I am trying to find the cohomology ring of $\mathbb{C}\mathbb{P}^2$. But I don't know how. We know from the CW structure of $\mathbb{C}\mathbb{P}^2$ that the cohomology groups must be $\mathbb{Z}$ in dimensions 0,2 and 4 and 0 otherwise.So the only non obvious cup product we need to compute is the generator of the second cohomology group with it self. Is there any efficient way to do that.Or at least a way to show that it wont result to 0?
Thanks
I know a way using differential forms. Since $\mathbb{CP}^2$ is a manifold, most of the cohomologies of it are canonically isomorphic to each other. Because you mentioned its CW structure, I assume you are talking about the singular cohomology. You already know that,
$H^n_{\Delta}(\mathbb{CP}^2)$ = \begin{cases} \mathbb{Z} & \quad \text{if } n =0, 2, 4\\ 0 & \quad \text{otherwise.}\\ \end{cases}
Tensor it with $\mathbb{R}$, by the universal coefficient theorem you get
$H^n_{\Delta}(\mathbb{CP}^2;\mathbb{R})$ = \begin{cases} \mathbb{R} & \quad \text{if } n =0, 2, 4\\ 0 & \quad \text{otherwise.}\\ \end{cases} (This is compatible with the product structure.) By the de Rham theorem, you know $H^\ast_{\Delta}(\mathbb{CP}^2,\mathbb{R}) \cong H^\ast_{dR}(\mathbb{CP}^2)$ as $\mathbb{R}$-algebra where the multiplication on the left hand side is the cup product $\cup$ and that of the right hand side is the wedge product $\wedge$.
There is a Fubini-study form on $\mathbb{CP}^2$ which is defined by $$ \omega_{FS} = i \partial \bar{\partial} log (|u_0|^2+|u_1|^2+1)$$ where $[u_0:u_1:1] = [z_0:z_1:z_2]$ is the local coordinate.
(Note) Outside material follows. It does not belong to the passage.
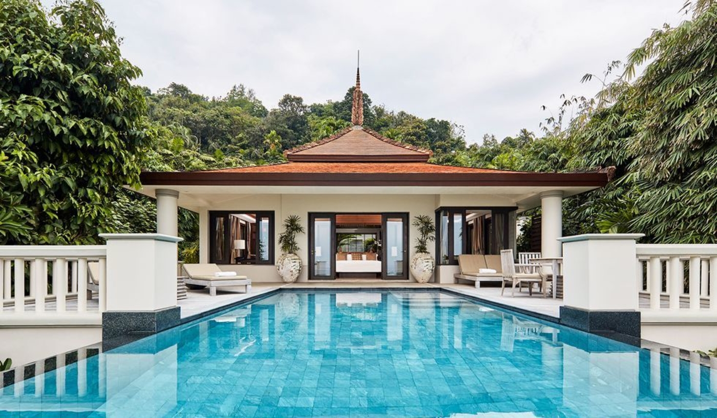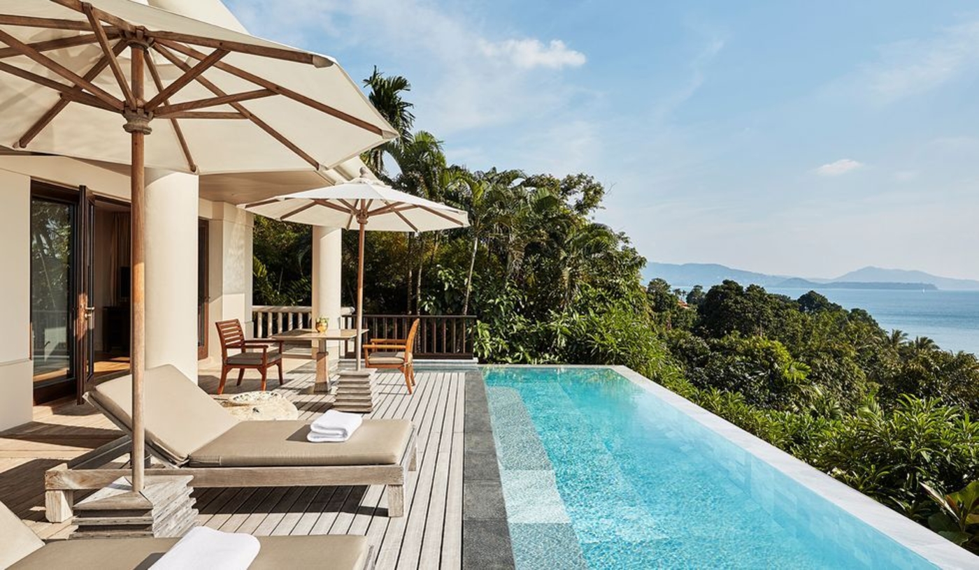 Every villa includes a marble-floored infinity pool and secluded terrace facing the Andaman Sea

First $\omega_{FS}$ is a closed form because $\partial \bar{\partial} f(|z|^2) = d \bar{\partial} f(|z|^2)$ for $f \in C^\infty (\mathbb{R})$. So $[\omega_{FS}] \in H^2_{dR}(\mathbb{CP}^2)$. If we can show that $ [\omega_{FS}] \wedge [\omega_{FS}] \neq 0$ in $H^2_{dR}(\mathbb{CP}^2)$, then we know the $\mathbb{R}$-algebra structure is non-trivail. We can calculate that,
\begin{align*} \omega_{FS}^2 &=\frac{-1}{(|u_0|^2+|u_1|^2+1)^3} du_0 \wedge d\bar{u_0} \wedge du_1 \wedge d\bar{u_1} \\ &=\frac{4}{(x_0^2+y_0^2+x_1^2+y_1^2+1)^3} dx_0 \wedge dy_0 \wedge dx_1 \wedge dy_1. \end{align*}
This shows $\int_{\mathbb{CP}^2} \omega_{FS}^2 \neq 0 $ and so $[\omega_{FS}^2] \neq 0$ by the Poincare duality.